» Brief: The pictures are to be left out, and all remaining data is to be transcribed exactly as it appears.

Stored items
************

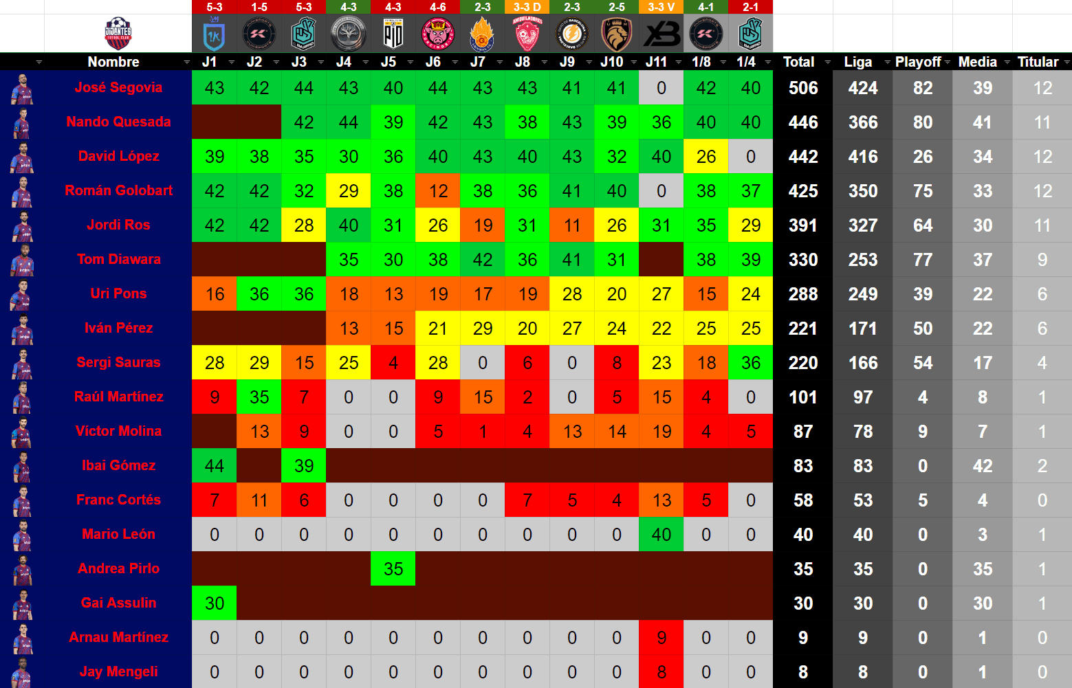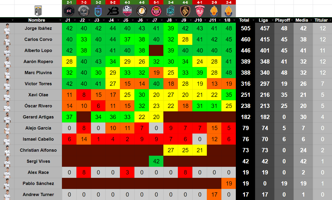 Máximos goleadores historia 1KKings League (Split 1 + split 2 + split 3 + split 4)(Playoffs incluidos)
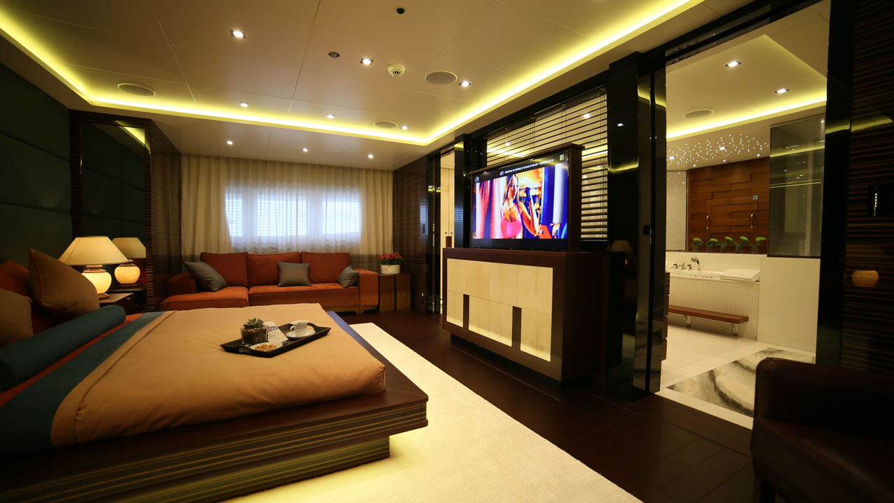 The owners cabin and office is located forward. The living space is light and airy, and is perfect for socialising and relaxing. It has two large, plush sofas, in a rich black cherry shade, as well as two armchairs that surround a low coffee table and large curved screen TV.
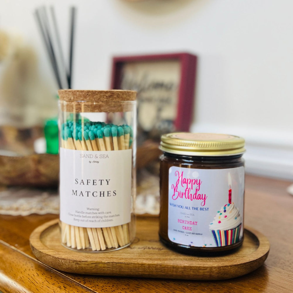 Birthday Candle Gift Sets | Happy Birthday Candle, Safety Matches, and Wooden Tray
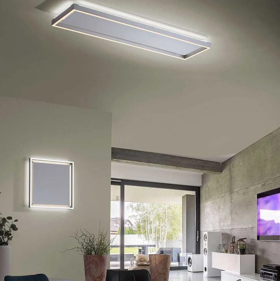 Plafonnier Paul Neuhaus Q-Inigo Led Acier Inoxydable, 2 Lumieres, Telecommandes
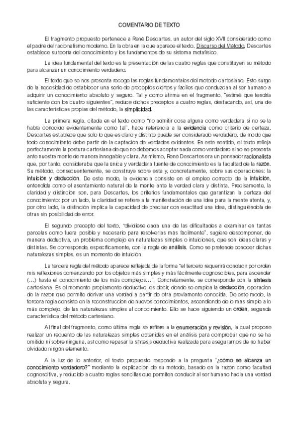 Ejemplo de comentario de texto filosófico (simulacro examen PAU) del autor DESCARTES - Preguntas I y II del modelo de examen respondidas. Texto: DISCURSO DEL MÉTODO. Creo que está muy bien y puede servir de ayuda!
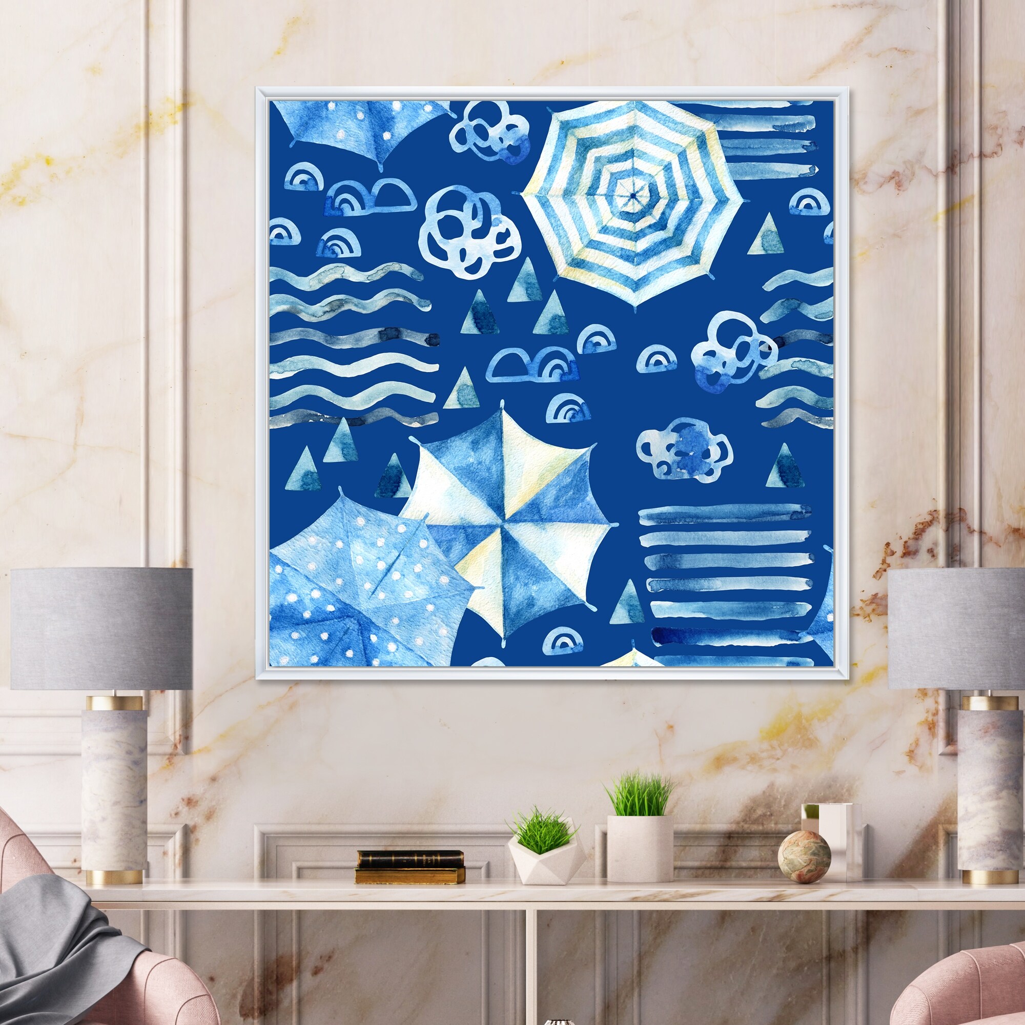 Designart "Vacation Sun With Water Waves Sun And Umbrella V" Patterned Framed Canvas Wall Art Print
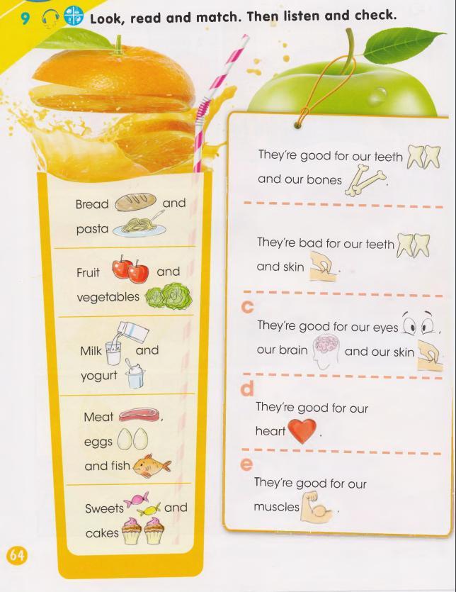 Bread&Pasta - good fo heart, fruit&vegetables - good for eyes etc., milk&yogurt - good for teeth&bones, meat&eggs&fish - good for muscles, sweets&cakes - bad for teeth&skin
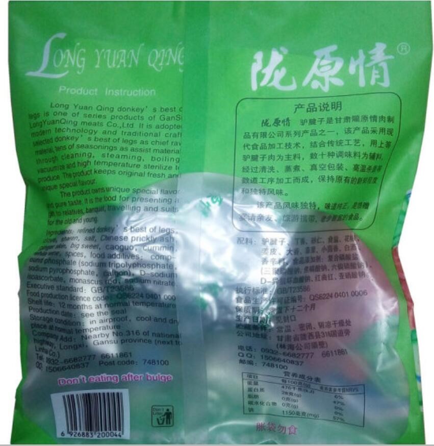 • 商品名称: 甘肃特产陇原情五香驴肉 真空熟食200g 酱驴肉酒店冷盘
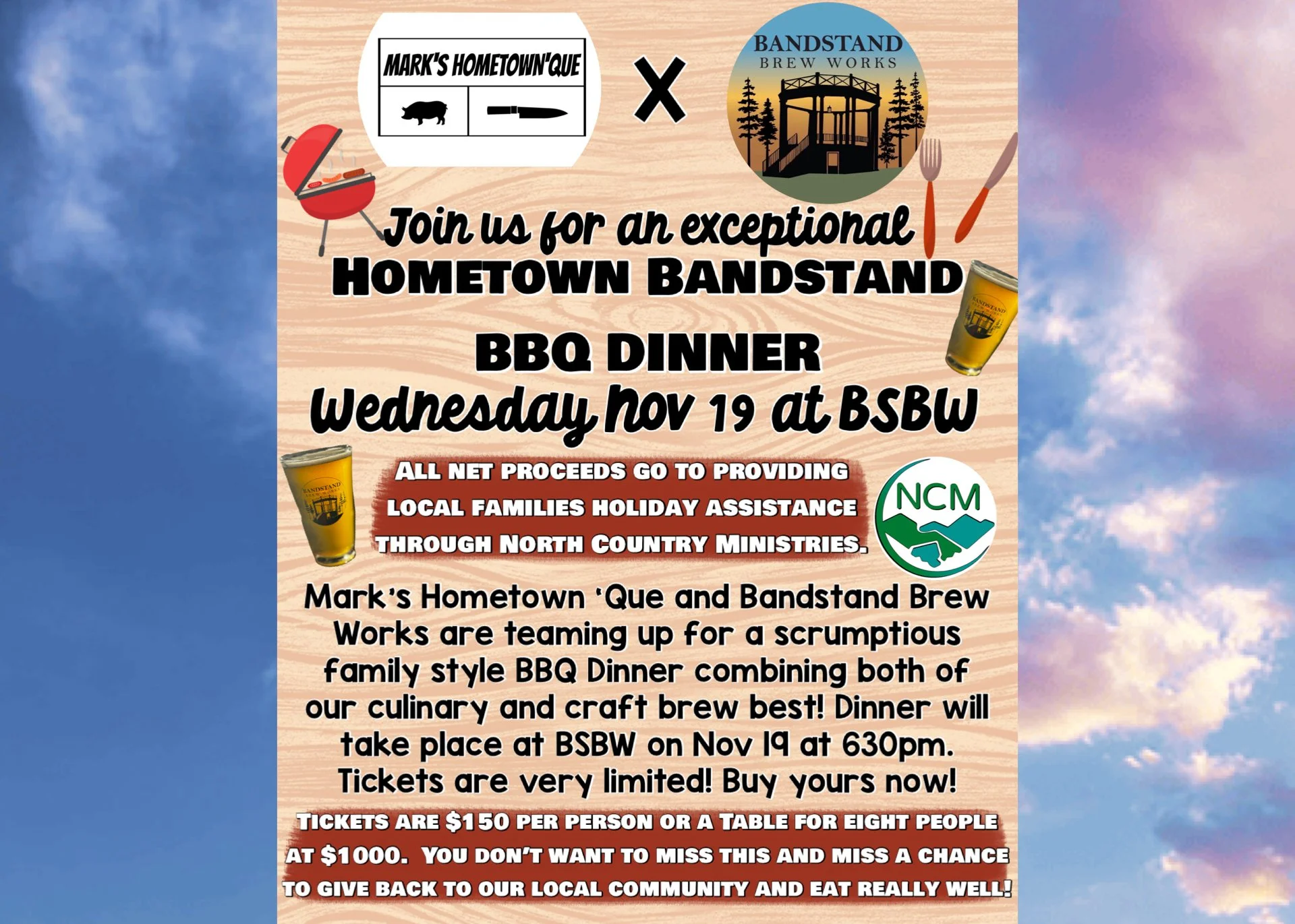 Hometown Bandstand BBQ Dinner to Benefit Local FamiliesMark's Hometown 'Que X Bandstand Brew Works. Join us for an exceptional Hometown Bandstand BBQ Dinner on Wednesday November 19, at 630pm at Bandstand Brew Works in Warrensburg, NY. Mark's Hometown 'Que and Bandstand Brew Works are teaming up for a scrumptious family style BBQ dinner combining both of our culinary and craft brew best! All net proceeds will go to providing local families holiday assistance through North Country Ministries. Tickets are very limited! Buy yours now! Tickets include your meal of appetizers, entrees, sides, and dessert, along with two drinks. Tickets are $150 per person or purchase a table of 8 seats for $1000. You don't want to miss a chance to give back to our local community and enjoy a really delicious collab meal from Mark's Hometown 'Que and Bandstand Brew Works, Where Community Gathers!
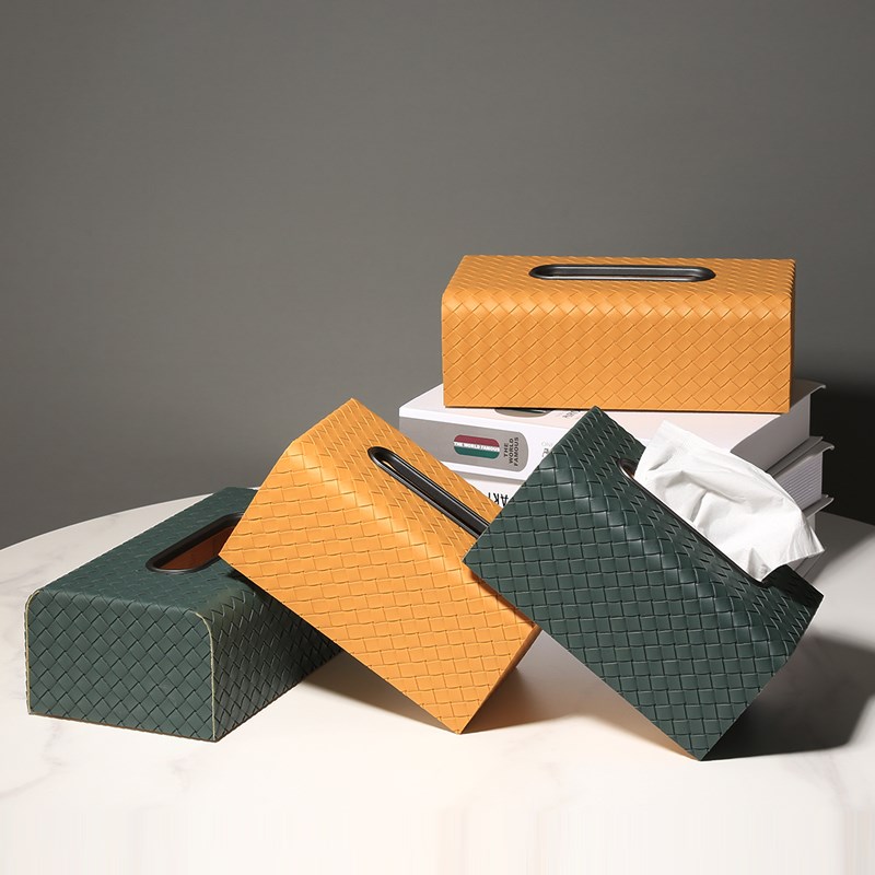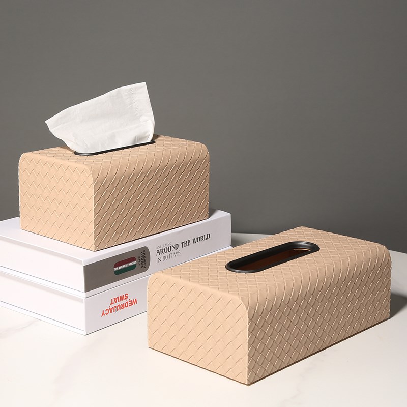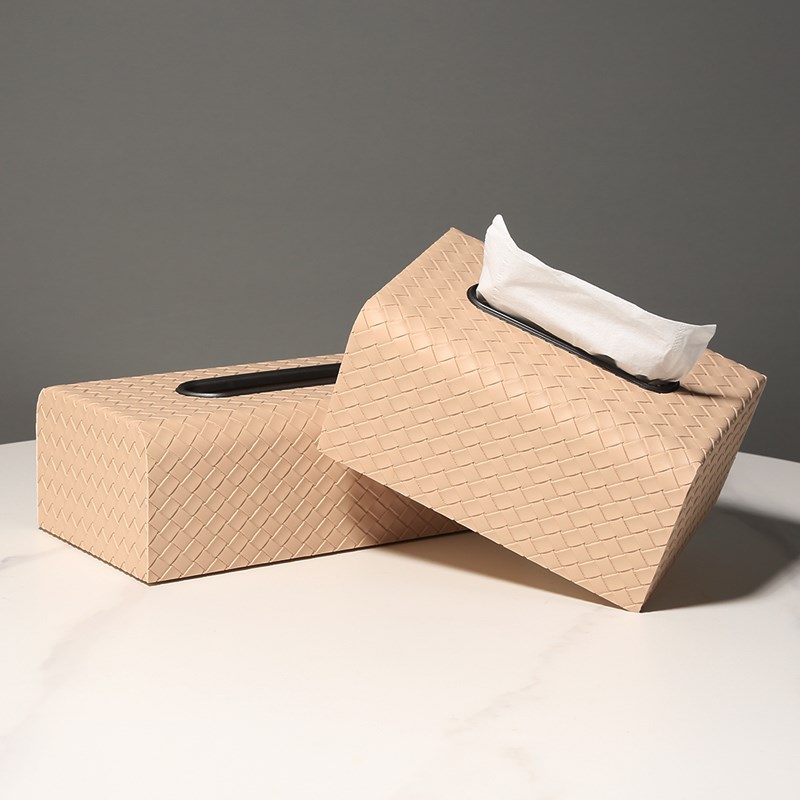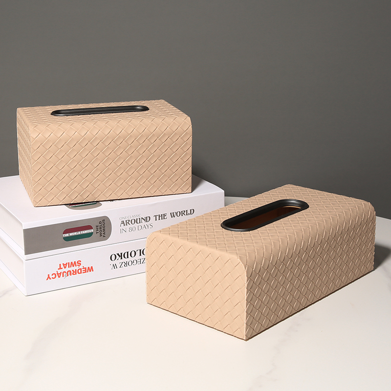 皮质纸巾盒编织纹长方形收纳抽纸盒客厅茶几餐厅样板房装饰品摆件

************

» Response to this exercise:
 Máximos goleadores historia 1KKings League (Split 1 + split 2 + split 3 + split 4)(Playoffs incluidos)
 The owners cabin and office is located forward. The living space is light and airy, and is perfect for socialising and relaxing. It has two large, plush sofas, in a rich black cherry shade, as well as two armchairs that surround a low coffee table and large curved screen TV.
 Birthday Candle Gift Sets | Happy Birthday Candle, Safety Matches, and Wooden Tray
 Plafonnier Paul Neuhaus Q-Inigo Led Acier Inoxydable, 2 Lumieres, Telecommandes
 Ejemplo de comentario de texto filosófico (simulacro examen PAU) del autor DESCARTES - Preguntas I y II del modelo de examen respondidas. Texto: DISCURSO DEL MÉTODO. Creo que está muy bien y puede servir de ayuda!
 Designart "Vacation Sun With Water Waves Sun And Umbrella V" Patterned Framed Canvas Wall Art Print
 Bread&Pasta - good fo heart, fruit&vegetables - good for eyes etc., milk&yogurt - good for teeth&bones, meat&eggs&fish - good for muscles, sweets&cakes - bad for teeth&skin
 • 商品名称: 甘肃特产陇原情五香驴肉 真空熟食200g 酱驴肉酒店冷盘
 Hometown Bandstand BBQ Dinner to Benefit Local FamiliesMark's Hometown 'Que X Bandstand Brew Works. Join us for an exceptional Hometown Bandstand BBQ Dinner on Wednesday November 19, at 630pm at Bandstand Brew Works in Warrensburg, NY. Mark's Hometown 'Que and Bandstand Brew Works are teaming up for a scrumptious family style BBQ dinner combining both of our culinary and craft brew best! All net proceeds will go to providing local families holiday assistance through North Country Ministries. Tickets are very limited! Buy yours now! Tickets include your meal of appetizers, entrees, sides, and dessert, along with two drinks. Tickets are $150 per person or purchase a table of 8 seats for $1000. You don't want to miss a chance to give back to our local community and enjoy a really delicious collab meal from Mark's Hometown 'Que and Bandstand Brew Works, Where Community Gathers!
 皮质纸巾盒编织纹长方形收纳抽纸盒客厅茶几餐厅样板房装饰品摆件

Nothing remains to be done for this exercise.